The all-Aboriginal team’s captain is Jody Broun, a Yindjibarndi woman from the Pilbara in Western Australia. Jody is an award-winning artist and the former inaugural co-chair of the National Congress of Australia’s First Peoples. Her team includes National Indigenous Television reporter, Brooke Boney, and AFL footballer and ambassador for the Fred Hollows Foundation, Aaron Davey. “I’m really looking forward to the experience,” Davey says. “It’s all for a great cause.”
This will be Jody’s second Coastrek. In 2013 she completed the 50km night walk and her 2014 team will be walking overnight as well. The night teams start at Balmoral Beach, travel along the beautiful coastline of Sydney Harbour, cross the Sydney Harbour Bridge, and then trek up through the eastern suburbs to Watsons Bay and down the sea coast to the finish at Coogee Beach.

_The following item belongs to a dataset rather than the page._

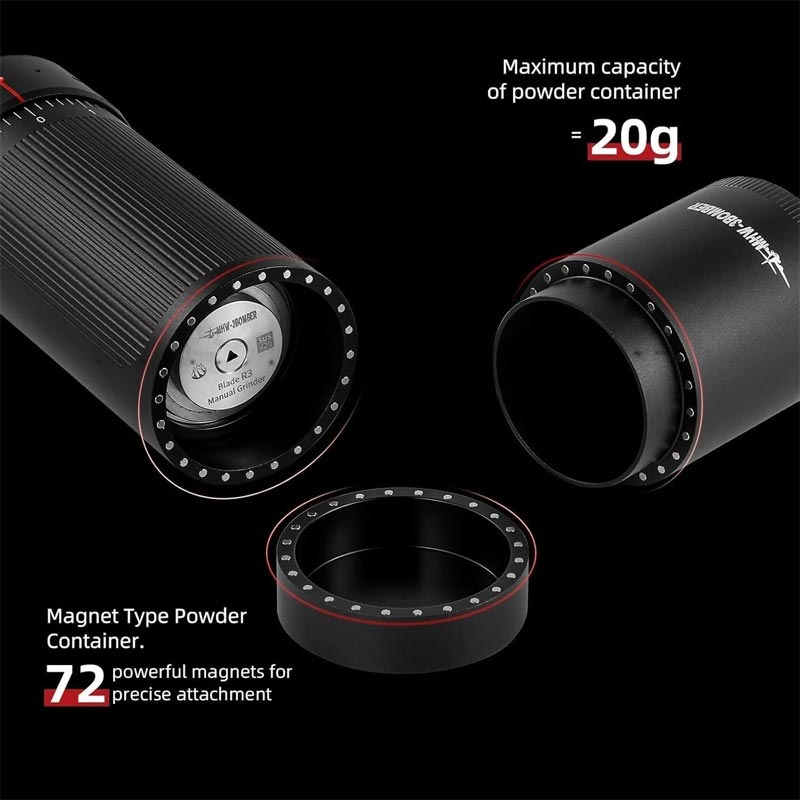 Gövdesinde 72 adet mıknatısla donatılmış olan öğütüm haznesi değirmenin tabanına güvenli bir şekilde takılarak dökülmeye karşı korumalı kullanım sağlar. Alt ızgarayı çıkararak artırabileceğiniz geniş bir (20g) kapasiteye sahiptir.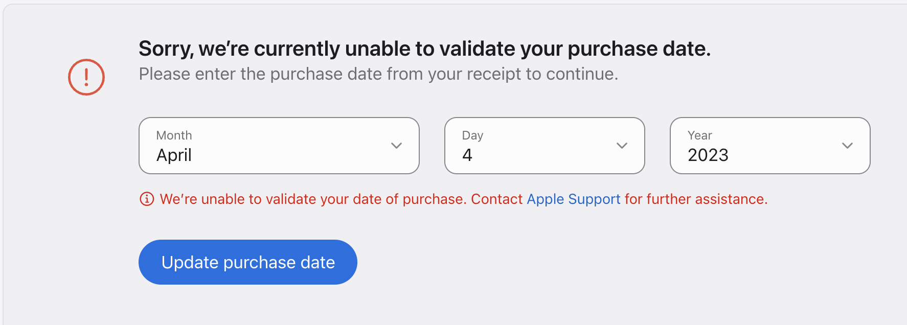 If that doesn't work and you have an iOS device, download the Apple Support app, tap on your MacBook Pro from the list of your devices and then tap "Device Details". If you don't find an option to update your purchase date these as well, contact Apple Support.

The team is hoping to inspire other Aboriginal and Torres Strait Islander people to look at their own health and fitness. “I think it is really important to get involved and show it can be done,” Broun says. “I really enjoyed it the first time. I enjoyed the challenge of being able to walk 50km.”
This is Coastrek’s fifth year. Participants can walk 50km from Palm Beach to Balmoral in the day, or 50km from Balmoral to Coogee by night, or the full 100km. In 2013 Coastrek walkers raised $1.8 million and the goal for 2014 is $2.5 million, which means 100,000 blind people will have their sight restored.